> [Exercise aim]: Reproduce the listing below word for word and exclude any picture.

> [Data shown]:
⟨
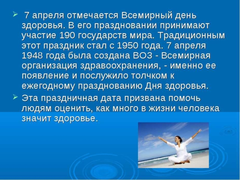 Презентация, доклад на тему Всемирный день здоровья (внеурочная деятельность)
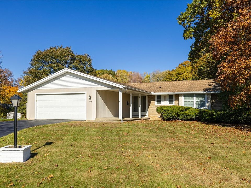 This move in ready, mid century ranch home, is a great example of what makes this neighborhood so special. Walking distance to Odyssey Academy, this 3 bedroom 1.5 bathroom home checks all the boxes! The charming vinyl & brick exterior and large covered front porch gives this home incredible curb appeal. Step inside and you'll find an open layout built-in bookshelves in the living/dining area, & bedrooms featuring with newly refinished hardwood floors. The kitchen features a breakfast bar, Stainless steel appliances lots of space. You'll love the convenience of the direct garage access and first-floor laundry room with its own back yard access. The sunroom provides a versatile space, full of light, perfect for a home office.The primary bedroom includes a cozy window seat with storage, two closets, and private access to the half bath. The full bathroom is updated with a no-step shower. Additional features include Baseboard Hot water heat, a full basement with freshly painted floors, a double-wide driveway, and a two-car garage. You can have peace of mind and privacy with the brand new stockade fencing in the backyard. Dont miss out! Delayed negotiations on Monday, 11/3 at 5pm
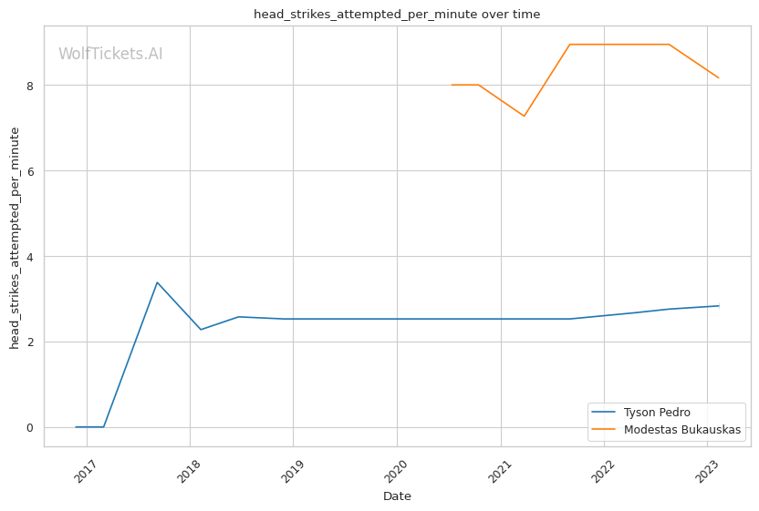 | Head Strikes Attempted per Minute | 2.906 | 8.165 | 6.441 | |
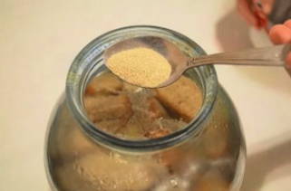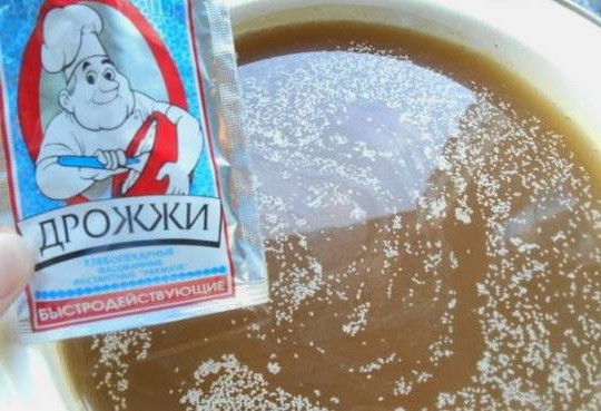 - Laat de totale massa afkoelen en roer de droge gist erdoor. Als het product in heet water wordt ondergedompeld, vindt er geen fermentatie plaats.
⟩
> [Solution to the problem]:
 Презентация, доклад на тему Всемирный день здоровья (внеурочная деятельность)
 This move in ready, mid century ranch home, is a great example of what makes this neighborhood so special. Walking distance to Odyssey Academy, this 3 bedroom 1.5 bathroom home checks all the boxes! The charming vinyl & brick exterior and large covered front porch gives this home incredible curb appeal. Step inside and you'll find an open layout built-in bookshelves in the living/dining area, & bedrooms featuring with newly refinished hardwood floors. The kitchen features a breakfast bar, Stainless steel appliances lots of space. You'll love the convenience of the direct garage access and first-floor laundry room with its own back yard access. The sunroom provides a versatile space, full of light, perfect for a home office.The primary bedroom includes a cozy window seat with storage, two closets, and private access to the half bath. The full bathroom is updated with a no-step shower. Additional features include Baseboard Hot water heat, a full basement with freshly painted floors, a double-wide driveway, and a two-car garage. You can have peace of mind and privacy with the brand new stockade fencing in the backyard. Dont miss out! Delayed negotiations on Monday, 11/3 at 5pm
 | Head Strikes Attempted per Minute | 2.906 | 8.165 | 6.441 | |
 - Laat de totale massa afkoelen en roer de droge gist erdoor. Als het product in heet water wordt ondergedompeld, vindt er geen fermentatie plaats.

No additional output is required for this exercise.